Assigned task: Whenever a picture appears, leave it out while repeating all the other data exactly.

Input data:
****************
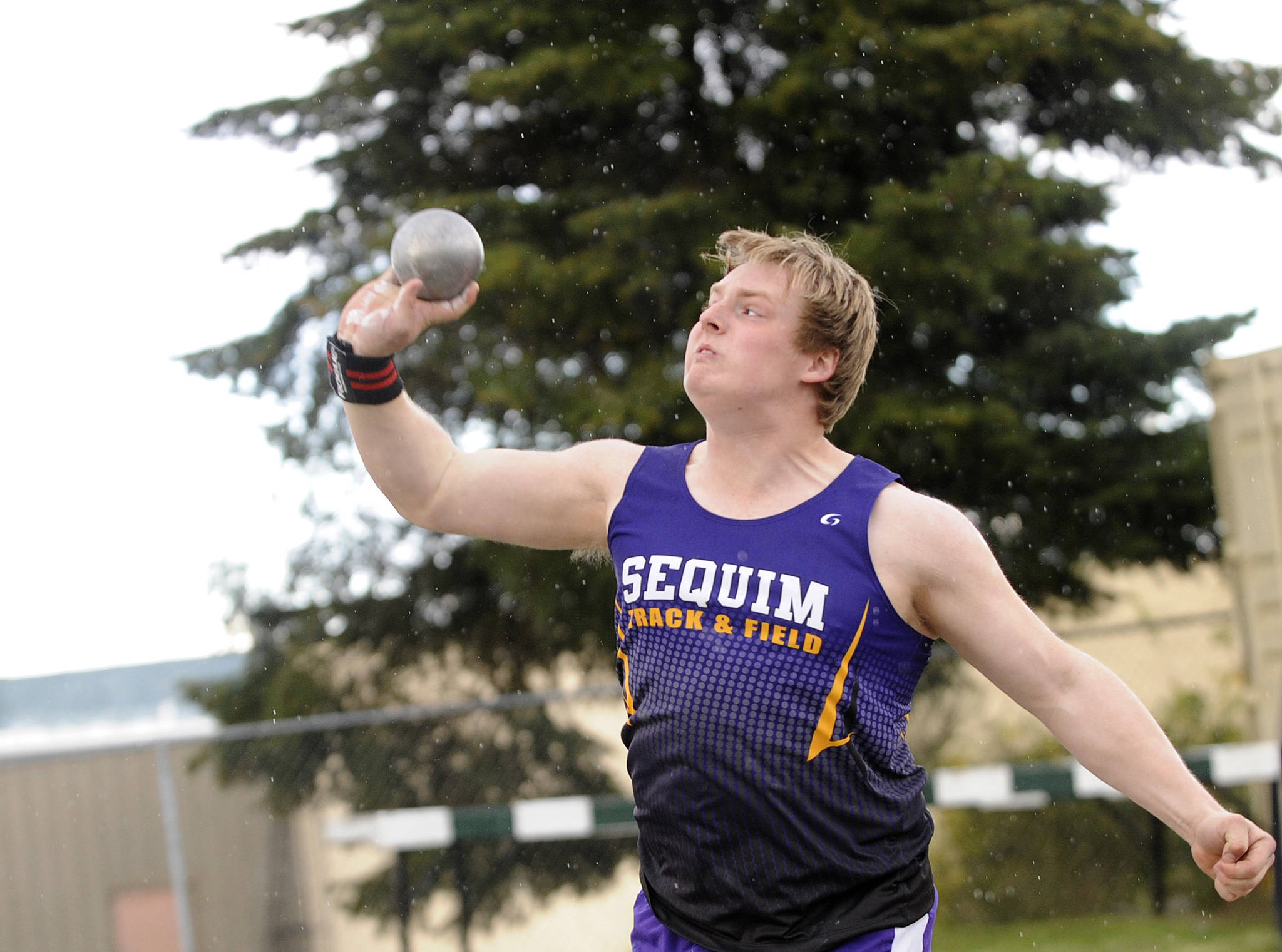 Sequim’s boys dominated a rain-drenched, four-team Olympic League meet in Port Angeles on April 20 with 100 team points, easily getting past Coupeville (67), Port Townsend (45) and the host Roughriders (40).
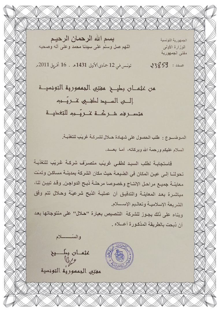 - الشهادة الوطنية حلال
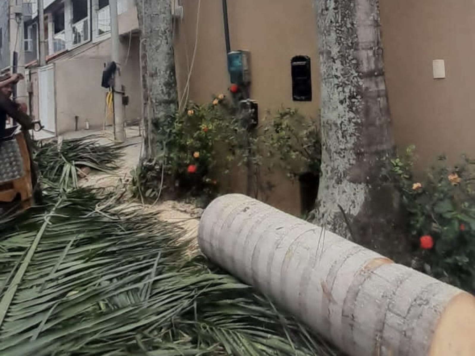 Homens são presos em flagrante por derrubarem palmeiras imperiais
****************
Expected output:
 Sequim’s boys dominated a rain-drenched, four-team Olympic League meet in Port Angeles on April 20 with 100 team points, easily getting past Coupeville (67), Port Townsend (45) and the host Roughriders (40).
 - الشهادة الوطنية حلال
 Homens são presos em flagrante por derrubarem palmeiras imperiais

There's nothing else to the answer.